Freud might have said these people have a death wish, Farley observed. “But from what I’ve observed about humanitarian workers, they have a great love of life.”


Like many American relief workers, Maxman and Martone were Peace Corps volunteers. Fresh out of college and new to her assigned country, Lesotho, she recalls, “I was bitten by the bug of loving passionately what I was doing. I know this sounds like a cliche, but no matter how hard I worked, I was gaining more than I could possibly give.”

After his tour in the Peace Corps in Liberia, Martone, who grew up outside of Boston, worked as a psychiatric nurse before signing up with the International Rescue Committee.

Martone is familiar with severe stress; when he was a Peace Corps volunteer, he was abducted and held hostage by soldiers during a coup in Liberia. He thinks he may have chosen relief work as a way of facing the fear lingering from that experience.

Relief workers are surprisingly frank about having moments of fear and despair. They don’t shy away from words like “overwhelmed” or “burned-out.”

“In Rwanda,” Maxman said, “there were some days when you wanted to cry and shrivel up and go away.”

What kept her going was the people she was helping. “This woman had had the worst things that could possibly happen,” Maxman said. “Her husband was killed, she’d been raped. Still, she went on. People do get on.”


For his part, Martone prefers to say that relief workers “empty out” rather than `burn out.”’

“You can get emptied out and fill up again.” he said, “Burned-out sounds permanent.”

There’s a lot of beer consumed, Martone says, and a lot of escapist literature, mainly science fiction. And there is time off. Relief organization supervisors do give leave for R&R to their workers in Macedonia and Albania _ usually after three weeks.

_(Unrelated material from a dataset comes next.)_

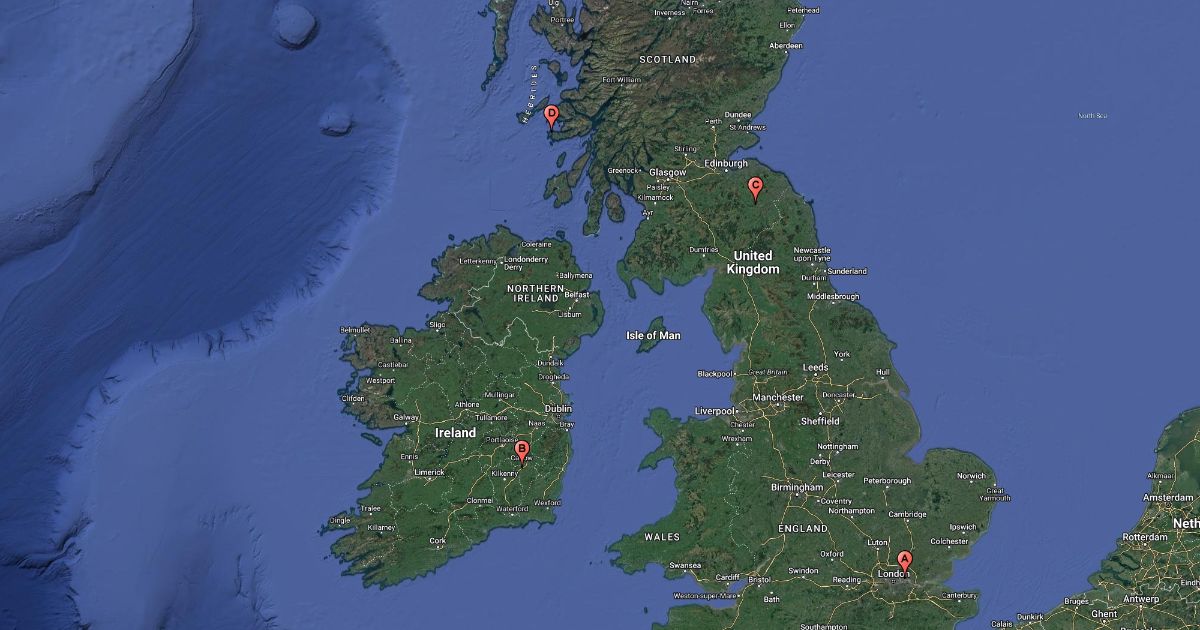 Map of ghost appearances reported by Bede.

For all the difficulty of the work, there is no shortage of people willing to sign up. Susan Barr, CARE’s director of staffing, gets an astonishing 100 applications every day, and more during well-publicized humanitarian disasters.

Barr, who is eminently practical, has to guard against the disastrous possibility of having a CARE worker break down in a crisis. First, she says, applicants must have worked internationally before. Next, she seeks people who have proven they can cope with enormous amounts of change and stress, and function without orders.

And, she looks for people with a sense of humor, with some constructive way to relieve stress. Barr, herself a former field worker in Zaire and Ethiopia, remembers her own stress relief system, which she admits was not very sophisticated.

“I’d go into the bathroom and shut the door and cry,” she said. “It’s better than yelling at the refugees, breaking down in public, or drinking too much.”


Relief workers in these stressful circumstances can get impatient, even ornery. Nothing makes them madder than a TV producer asking them to come up with a starving child or a traumatized victim. And, as Jim Bishop, director of humanitarian response at Interaction, a Washington-based consortium of international relief agencies, said, “You tend to get angry when you have people dying in front of you.”

At their worst, some relief workers are seen as “cowboys” by others, people who show off resumes with Chechnya and Rwanda and Somalia.

Maxman wants to be more than a cowboy. “I can give something. I can give it thoughtfully and appropriately. I don’t like boasting about myself, but I have it in me to do it in the most challenging environments.”